§ Work instruction
No pictures, please. Copy exactly the lines from the one with "分行业看,少于半数行业PE估" through the final line below.

§ Given information

____

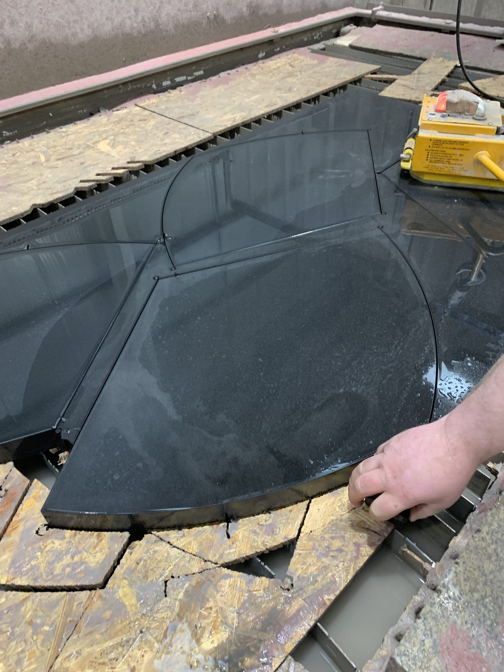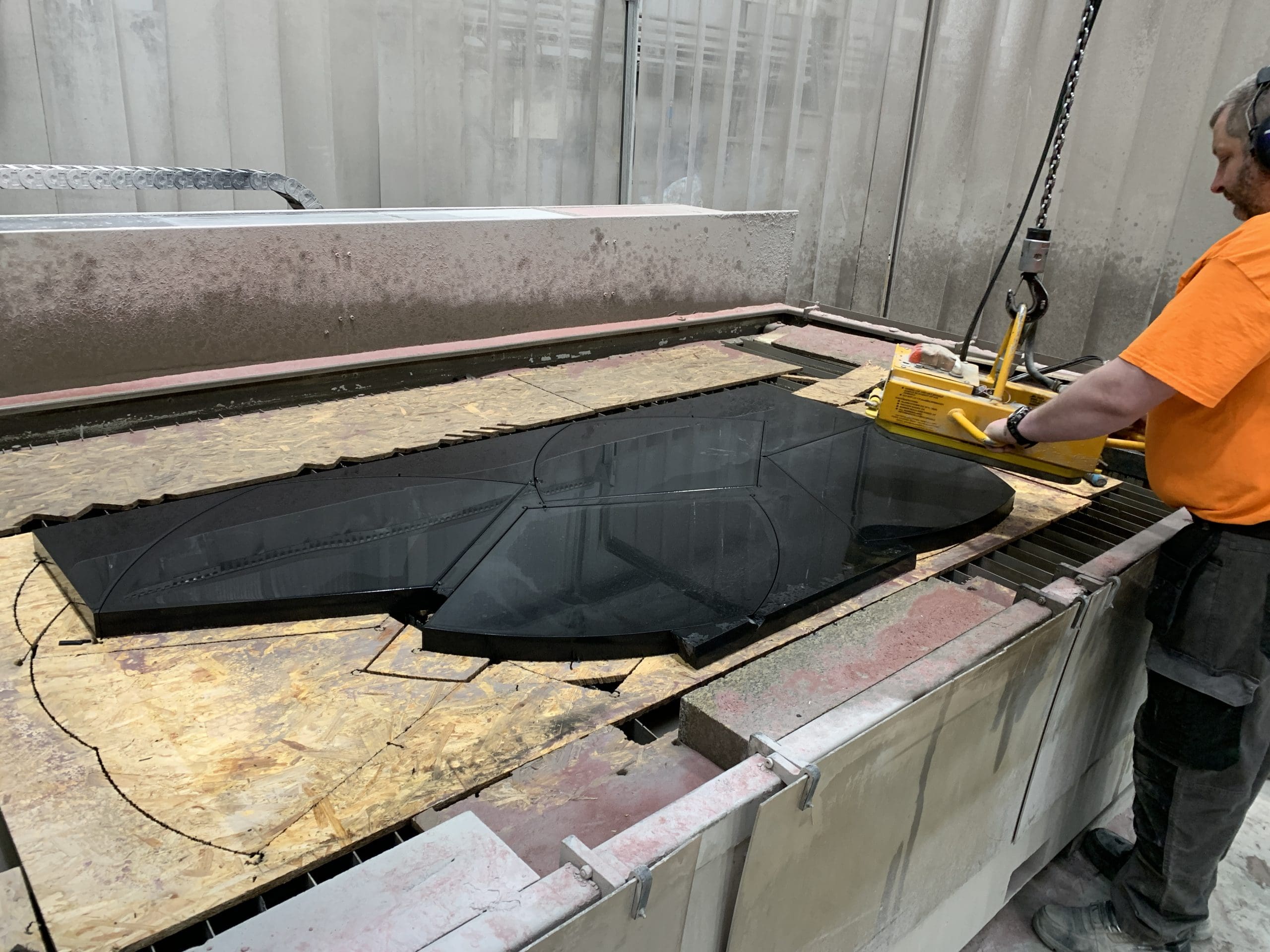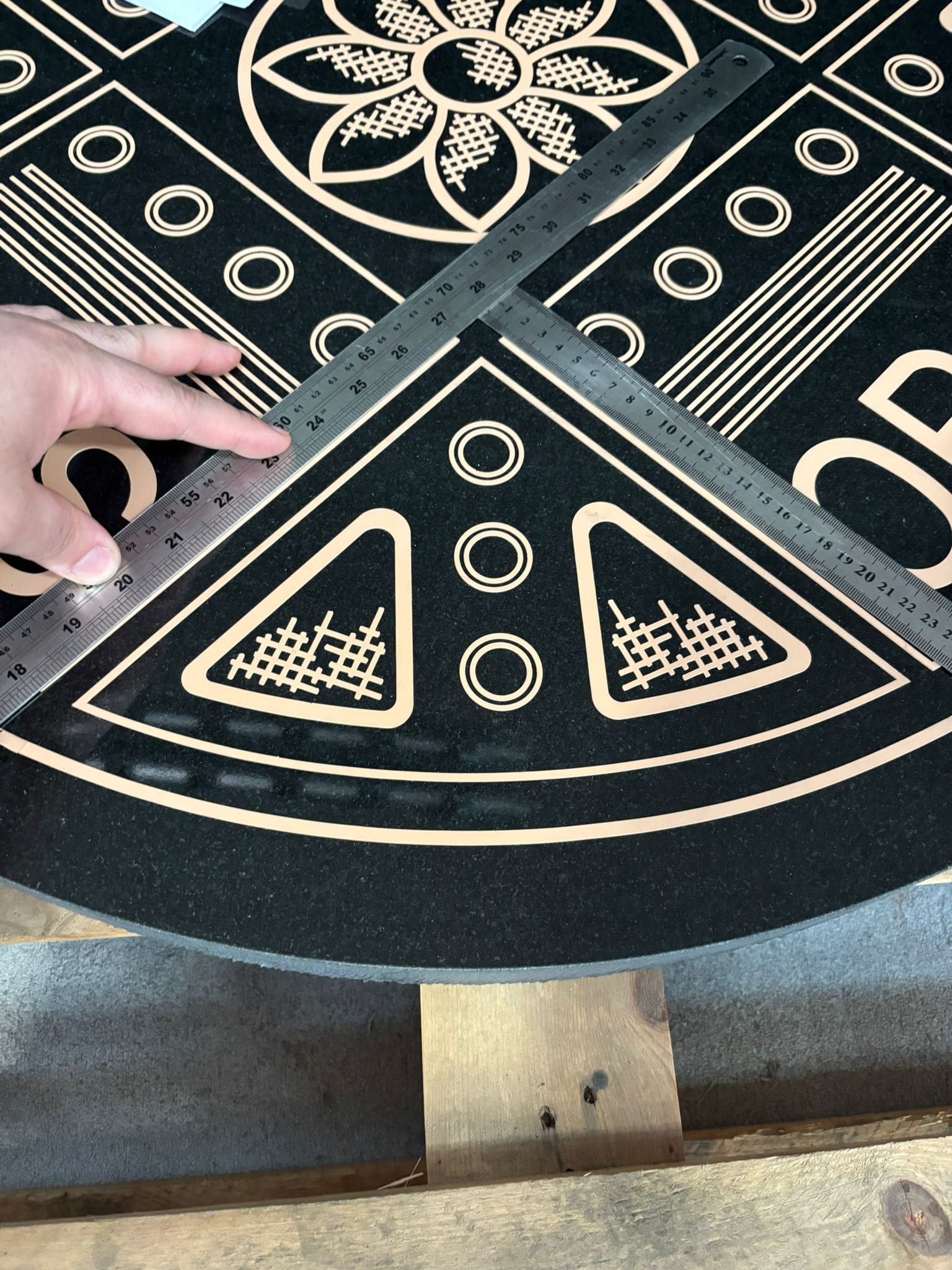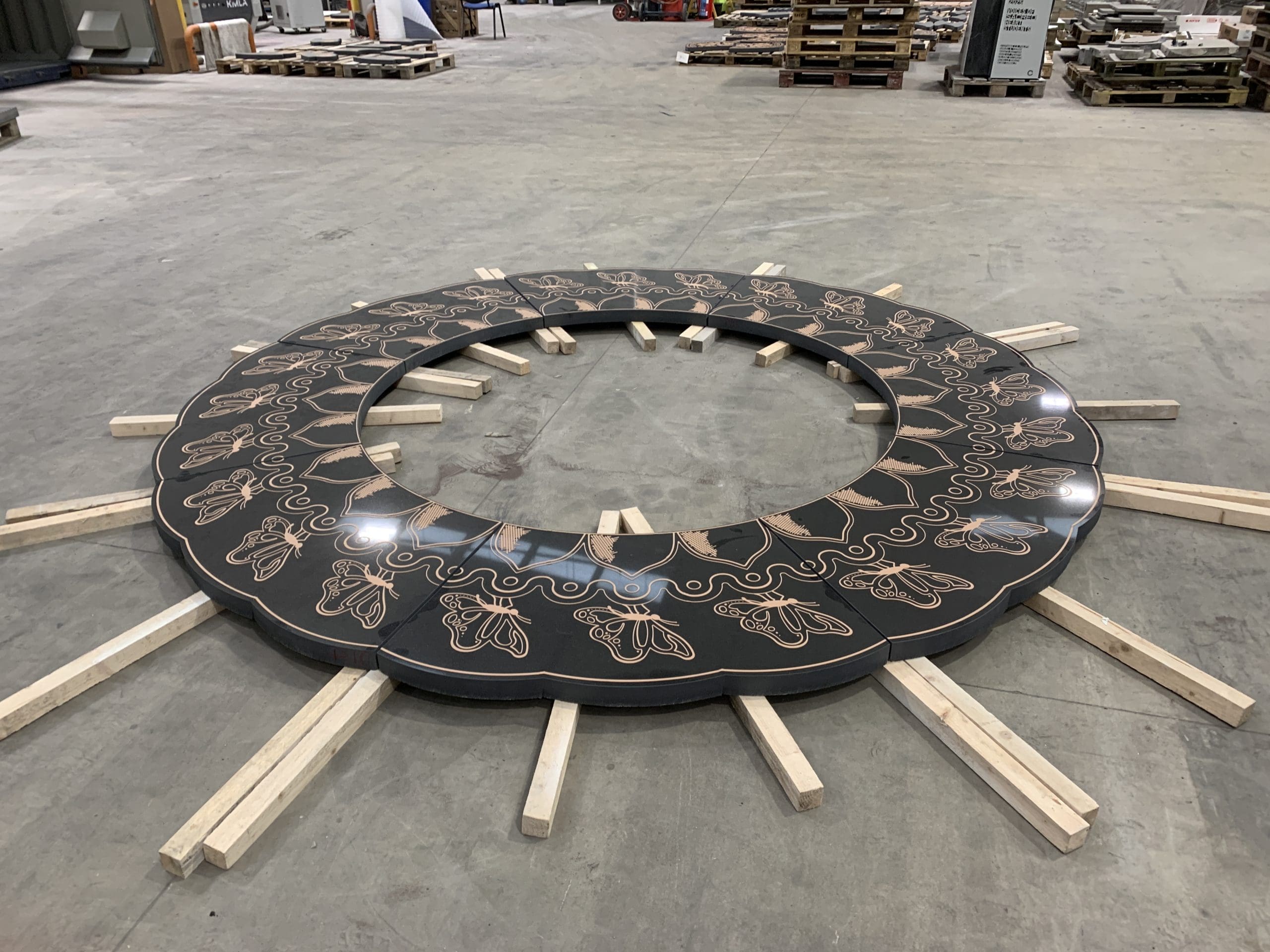 Hardscape Surfaces team developed full General Arrangement drawings for each section of the complex design, enabling meticulous planning of the layout, finishes and transitions. Skilled masons at our Hardscape Surfaces factory executed the design using a combination of Crystal Black and Royal White granites in polished, honed and sandblasted finishes. Stencil-based sandblasting highlighted intricate lines and patterns, creating the graphic contrast required by the design. Manufacturing and finish were supported by our CAD and production teams to ensure accuracy and continuity.
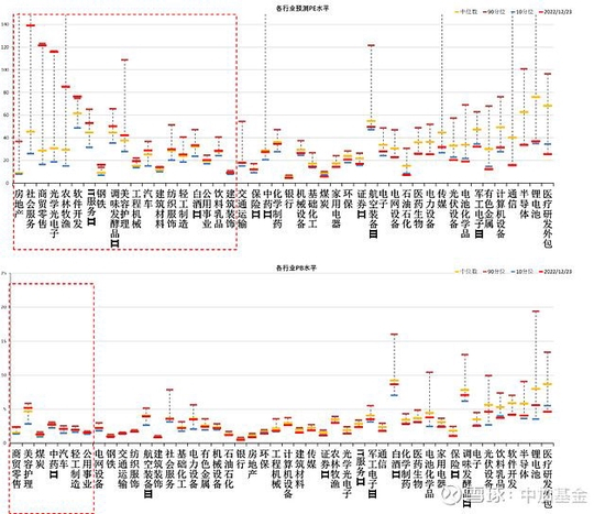 分行业看,少于半数行业PE估值水平高于过去5年估值中位数,少数行业PB估值水平高于过去5年估值中位数,社会服务、房地产等行业估值较高。
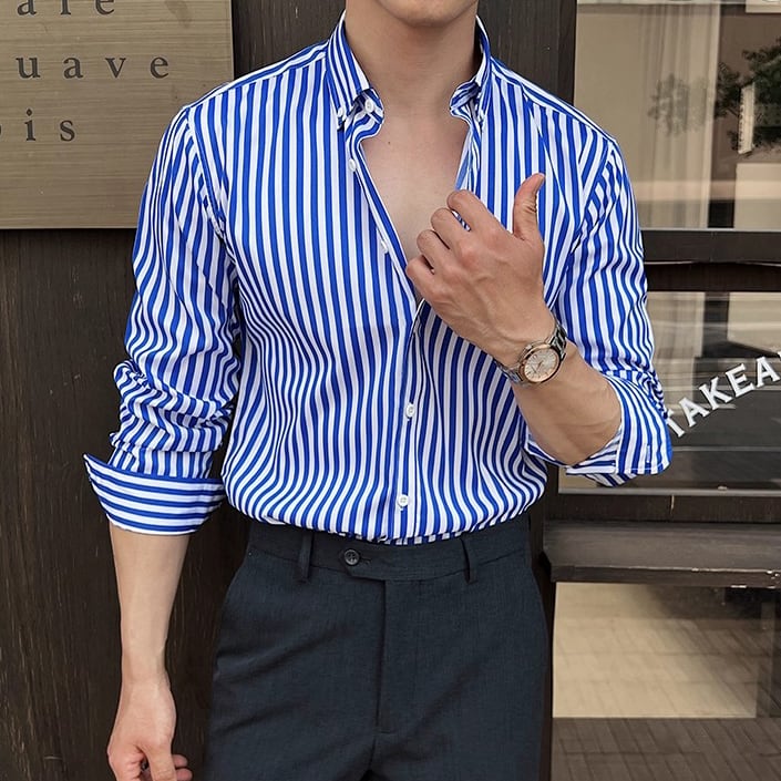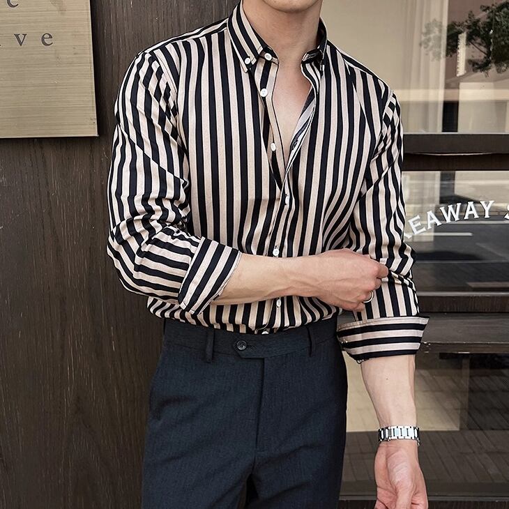 ストライプ 長袖 ボタンフロント シャツ 4color KA1282

____

§ Exercise answer
 分行业看,少于半数行业PE估值水平高于过去5年估值中位数,少数行业PB估值水平高于过去5年估值中位数,社会服务、房地产等行业估值较高。
 ストライプ 長袖 ボタンフロント シャツ 4color KA1282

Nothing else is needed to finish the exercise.